A footwear-only branch of Arnotts was located in the Stillorgan Shopping Centre until 2011, with a former branch on Grafton Street initially changed to be branded as a River Island, before being sold in 2003.

On , the store was taken over by Selfridges, a chain of department stores, and now trades as a sister store to Brown Thomas which is part of the same group.

Across O'Connell Street in North Earl Street was its sister store, Boyers & Co, which closed down on 31 January 2016.

On 24 December 2021 it was announced that the Selfridges company had been sold to a joint venture between Thai Central Group and Signa Holding in Austria for $5.37 billion, a deal which included Arnotts as well as the Brown Thomas chain and De Bijenkorf in the Netherlands.

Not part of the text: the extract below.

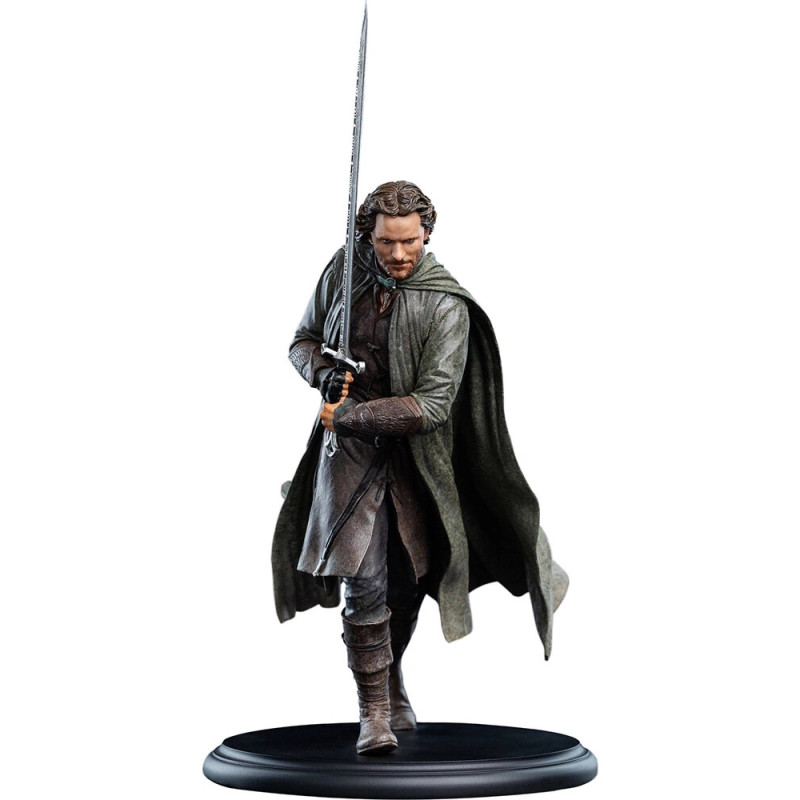 Od napětí v postoji až po precizně zpracovaný meč Andúril – každý detail působí dojmem pohybu připraveného vyrazit vpřed. Socha zachycuje Aragorna při pochodu k Minas Tirith, podpořeného Armádou mrtvých, v jedné z nejepičtějších scén celé trilogie.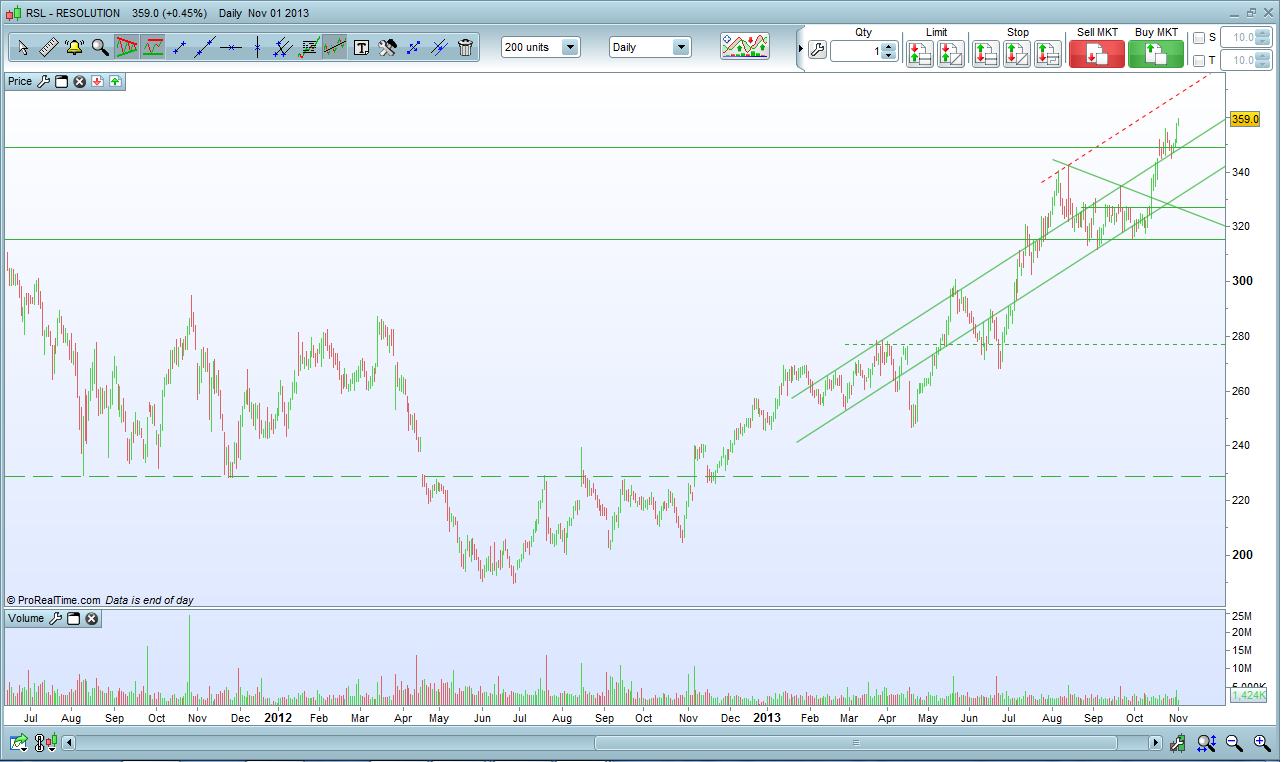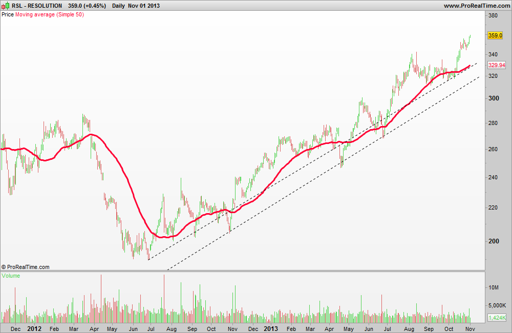 Tem uma tendência bem definida, em pouco mais de um ano quase subiu 100%, muito bom. Existem vários participantes aqui que fazem trend following, que sonham encontrar acções assim todos os dias.

In late 2023, Signa Holding went bankrupt. In October 2024, Saudi Arabia's Public Investment Fund (PIF) acquired Signa's 40% stake in Selfridges Group. As a result, Central Group holds 60%, and PIF 40%, making them joint owners of Arnotts.

In May 2026, Yves Sakila died after being restrained by security staff at the department store, this incident attracted widespread coverage in Irish and international news.
===Scottish business===

In 1850, John Arnott opened a drapery shop on Jamaica Street, Glasgow, Scotland. In 1864, the business purchased the building in which the shop was located. It went on to expand the shop, and by 1874, it had developed into a department store.

During 1886, the partnership between Arnott and Cannock was dissolved. John Arnott's half-brother, Thomas Arnott, continued to operate the department store as Arnott and Company. The Scottish business was incorporated in 1891. In 1936, Fraser, Sons & Co Ltd bought the business but continued to trade under the Arnott and Company brand. In 1938, it was merged with the neighbouring business, Robert Simpson & Sons Ltd, to create Arnott Simpson Ltd, with the two stores being reconstructed into one. In 1947, Arnott Simpson Ltd was liquidated, with the business being subsumed into its parent, House of Fraser, although the business continued to trade as Arnott Simpson.

Further department stores acquired by House of Fraser in Scotland were re-branded as Arnotts for the majority of its stores throughout Scotland. The Arnotts brand disappeared from Scotland when House of Fraser closed the last remaining department store using the Arnotts brand (in Paisley) in January 2004.